[Recorded data]
══════
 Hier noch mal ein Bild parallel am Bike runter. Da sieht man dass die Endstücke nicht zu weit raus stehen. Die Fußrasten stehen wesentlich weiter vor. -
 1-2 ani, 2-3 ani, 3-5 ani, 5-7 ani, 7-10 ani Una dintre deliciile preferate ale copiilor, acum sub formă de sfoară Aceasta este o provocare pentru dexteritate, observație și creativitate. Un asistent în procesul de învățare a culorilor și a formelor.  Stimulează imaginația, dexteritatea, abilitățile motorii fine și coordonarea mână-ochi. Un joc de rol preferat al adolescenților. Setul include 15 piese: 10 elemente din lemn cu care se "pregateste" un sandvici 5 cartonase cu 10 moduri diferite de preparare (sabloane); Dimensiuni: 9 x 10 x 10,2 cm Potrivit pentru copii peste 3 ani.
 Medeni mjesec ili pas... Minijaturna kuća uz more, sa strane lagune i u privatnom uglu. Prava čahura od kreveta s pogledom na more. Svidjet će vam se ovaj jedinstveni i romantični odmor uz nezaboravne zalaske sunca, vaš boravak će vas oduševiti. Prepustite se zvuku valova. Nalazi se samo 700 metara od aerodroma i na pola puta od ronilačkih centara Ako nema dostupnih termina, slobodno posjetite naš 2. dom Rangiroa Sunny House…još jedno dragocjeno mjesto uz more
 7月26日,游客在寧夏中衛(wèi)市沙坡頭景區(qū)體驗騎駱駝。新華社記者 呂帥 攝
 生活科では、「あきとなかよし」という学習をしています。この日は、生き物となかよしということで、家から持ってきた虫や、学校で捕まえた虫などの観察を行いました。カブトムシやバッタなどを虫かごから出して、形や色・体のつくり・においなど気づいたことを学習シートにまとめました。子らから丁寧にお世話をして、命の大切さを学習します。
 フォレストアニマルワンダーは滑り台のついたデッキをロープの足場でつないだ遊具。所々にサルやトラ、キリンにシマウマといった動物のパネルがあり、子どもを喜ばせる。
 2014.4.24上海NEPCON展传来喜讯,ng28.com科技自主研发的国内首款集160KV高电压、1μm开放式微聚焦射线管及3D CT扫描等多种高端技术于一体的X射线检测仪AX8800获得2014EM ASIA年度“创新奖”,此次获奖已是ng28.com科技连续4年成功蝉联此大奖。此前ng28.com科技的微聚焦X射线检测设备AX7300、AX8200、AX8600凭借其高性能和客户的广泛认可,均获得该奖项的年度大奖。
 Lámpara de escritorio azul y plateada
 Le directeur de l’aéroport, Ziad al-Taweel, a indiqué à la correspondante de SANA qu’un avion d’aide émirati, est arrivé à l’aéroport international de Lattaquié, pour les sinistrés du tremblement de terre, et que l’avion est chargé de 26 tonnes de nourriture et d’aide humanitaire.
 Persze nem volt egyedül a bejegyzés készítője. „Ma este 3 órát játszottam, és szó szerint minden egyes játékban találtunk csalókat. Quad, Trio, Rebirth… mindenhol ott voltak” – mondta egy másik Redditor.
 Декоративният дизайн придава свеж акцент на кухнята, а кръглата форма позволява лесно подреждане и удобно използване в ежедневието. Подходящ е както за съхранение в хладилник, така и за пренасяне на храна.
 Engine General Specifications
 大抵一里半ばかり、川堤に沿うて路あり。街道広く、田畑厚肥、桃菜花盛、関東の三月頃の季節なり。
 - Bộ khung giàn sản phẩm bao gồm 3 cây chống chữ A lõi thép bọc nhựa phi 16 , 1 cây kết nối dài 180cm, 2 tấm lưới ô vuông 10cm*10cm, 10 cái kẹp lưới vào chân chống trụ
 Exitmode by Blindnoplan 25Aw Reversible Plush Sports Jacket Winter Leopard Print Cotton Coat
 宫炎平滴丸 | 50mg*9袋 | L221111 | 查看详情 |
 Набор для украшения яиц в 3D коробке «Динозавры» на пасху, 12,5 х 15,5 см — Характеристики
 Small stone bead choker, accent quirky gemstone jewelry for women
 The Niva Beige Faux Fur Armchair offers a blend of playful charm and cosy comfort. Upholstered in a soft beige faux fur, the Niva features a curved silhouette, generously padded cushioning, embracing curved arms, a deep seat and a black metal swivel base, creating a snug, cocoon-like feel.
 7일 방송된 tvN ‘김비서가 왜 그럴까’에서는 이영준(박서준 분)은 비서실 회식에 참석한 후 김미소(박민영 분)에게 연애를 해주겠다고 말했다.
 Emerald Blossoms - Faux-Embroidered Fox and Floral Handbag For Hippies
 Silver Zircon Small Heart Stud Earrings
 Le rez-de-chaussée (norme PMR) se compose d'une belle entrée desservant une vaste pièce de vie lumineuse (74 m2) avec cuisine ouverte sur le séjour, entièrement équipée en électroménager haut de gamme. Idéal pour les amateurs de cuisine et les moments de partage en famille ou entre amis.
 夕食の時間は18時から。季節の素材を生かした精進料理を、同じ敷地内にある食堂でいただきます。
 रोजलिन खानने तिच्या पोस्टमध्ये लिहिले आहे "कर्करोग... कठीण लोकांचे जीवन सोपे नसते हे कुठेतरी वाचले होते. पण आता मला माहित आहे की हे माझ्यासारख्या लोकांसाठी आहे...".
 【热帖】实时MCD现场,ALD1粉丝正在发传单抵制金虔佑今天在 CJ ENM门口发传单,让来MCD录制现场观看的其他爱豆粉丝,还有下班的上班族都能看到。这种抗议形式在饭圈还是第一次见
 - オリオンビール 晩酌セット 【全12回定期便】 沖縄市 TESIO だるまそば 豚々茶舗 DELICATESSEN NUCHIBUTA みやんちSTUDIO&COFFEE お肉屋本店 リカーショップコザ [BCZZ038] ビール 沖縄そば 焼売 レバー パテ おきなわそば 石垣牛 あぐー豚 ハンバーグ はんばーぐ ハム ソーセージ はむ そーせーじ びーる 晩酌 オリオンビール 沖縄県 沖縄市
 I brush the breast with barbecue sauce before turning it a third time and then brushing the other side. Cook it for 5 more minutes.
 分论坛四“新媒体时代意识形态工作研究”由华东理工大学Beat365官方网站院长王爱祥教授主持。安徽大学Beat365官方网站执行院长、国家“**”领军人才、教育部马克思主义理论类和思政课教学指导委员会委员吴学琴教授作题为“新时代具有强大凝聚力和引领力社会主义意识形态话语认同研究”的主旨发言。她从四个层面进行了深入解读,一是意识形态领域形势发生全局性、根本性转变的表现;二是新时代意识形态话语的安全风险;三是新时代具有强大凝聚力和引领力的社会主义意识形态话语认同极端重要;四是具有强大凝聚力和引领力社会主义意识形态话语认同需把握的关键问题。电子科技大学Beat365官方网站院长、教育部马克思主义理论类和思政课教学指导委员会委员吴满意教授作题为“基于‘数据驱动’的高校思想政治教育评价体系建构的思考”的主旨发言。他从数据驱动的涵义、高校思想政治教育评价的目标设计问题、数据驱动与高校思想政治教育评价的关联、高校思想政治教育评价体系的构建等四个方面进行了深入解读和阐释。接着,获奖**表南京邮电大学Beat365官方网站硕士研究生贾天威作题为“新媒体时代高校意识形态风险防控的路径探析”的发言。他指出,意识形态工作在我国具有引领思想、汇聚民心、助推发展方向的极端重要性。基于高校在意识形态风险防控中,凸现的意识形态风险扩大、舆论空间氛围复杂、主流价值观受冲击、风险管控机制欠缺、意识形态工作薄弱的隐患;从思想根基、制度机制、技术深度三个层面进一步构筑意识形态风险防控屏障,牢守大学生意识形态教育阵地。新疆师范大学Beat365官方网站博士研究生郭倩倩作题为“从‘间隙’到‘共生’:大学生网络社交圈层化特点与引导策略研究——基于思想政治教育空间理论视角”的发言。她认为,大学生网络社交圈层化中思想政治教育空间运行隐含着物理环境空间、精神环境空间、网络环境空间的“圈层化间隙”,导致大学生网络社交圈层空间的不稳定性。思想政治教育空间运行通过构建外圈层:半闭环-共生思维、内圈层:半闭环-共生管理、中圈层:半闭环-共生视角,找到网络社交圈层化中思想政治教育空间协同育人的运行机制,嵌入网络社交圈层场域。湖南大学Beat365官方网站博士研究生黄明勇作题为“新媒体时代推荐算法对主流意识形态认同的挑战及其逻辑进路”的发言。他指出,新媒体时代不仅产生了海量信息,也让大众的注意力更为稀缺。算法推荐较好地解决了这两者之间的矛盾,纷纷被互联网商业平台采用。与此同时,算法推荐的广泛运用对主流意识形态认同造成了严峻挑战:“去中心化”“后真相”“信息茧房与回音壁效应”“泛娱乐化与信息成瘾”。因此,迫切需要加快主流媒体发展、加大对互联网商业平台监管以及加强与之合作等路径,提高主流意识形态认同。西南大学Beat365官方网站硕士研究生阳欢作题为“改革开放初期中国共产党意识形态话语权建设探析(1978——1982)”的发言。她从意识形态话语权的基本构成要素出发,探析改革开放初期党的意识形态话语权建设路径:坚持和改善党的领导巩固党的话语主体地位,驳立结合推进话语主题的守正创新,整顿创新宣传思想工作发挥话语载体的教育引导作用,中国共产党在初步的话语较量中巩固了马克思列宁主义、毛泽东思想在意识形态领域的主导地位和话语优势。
══════
__What is required__: Please copy the lines above from the line with "Набор для украшения" up to and including the line with "The Niva Beige", exactly as written and with nothing else.

__Answer__:
 Набор для украшения яиц в 3D коробке «Динозавры» на пасху, 12,5 х 15,5 см — Характеристики
 Small stone bead choker, accent quirky gemstone jewelry for women
 The Niva Beige Faux Fur Armchair offers a blend of playful charm and cosy comfort. Upholstered in a soft beige faux fur, the Niva features a curved silhouette, generously padded cushioning, embracing curved arms, a deep seat and a black metal swivel base, creating a snug, cocoon-like feel.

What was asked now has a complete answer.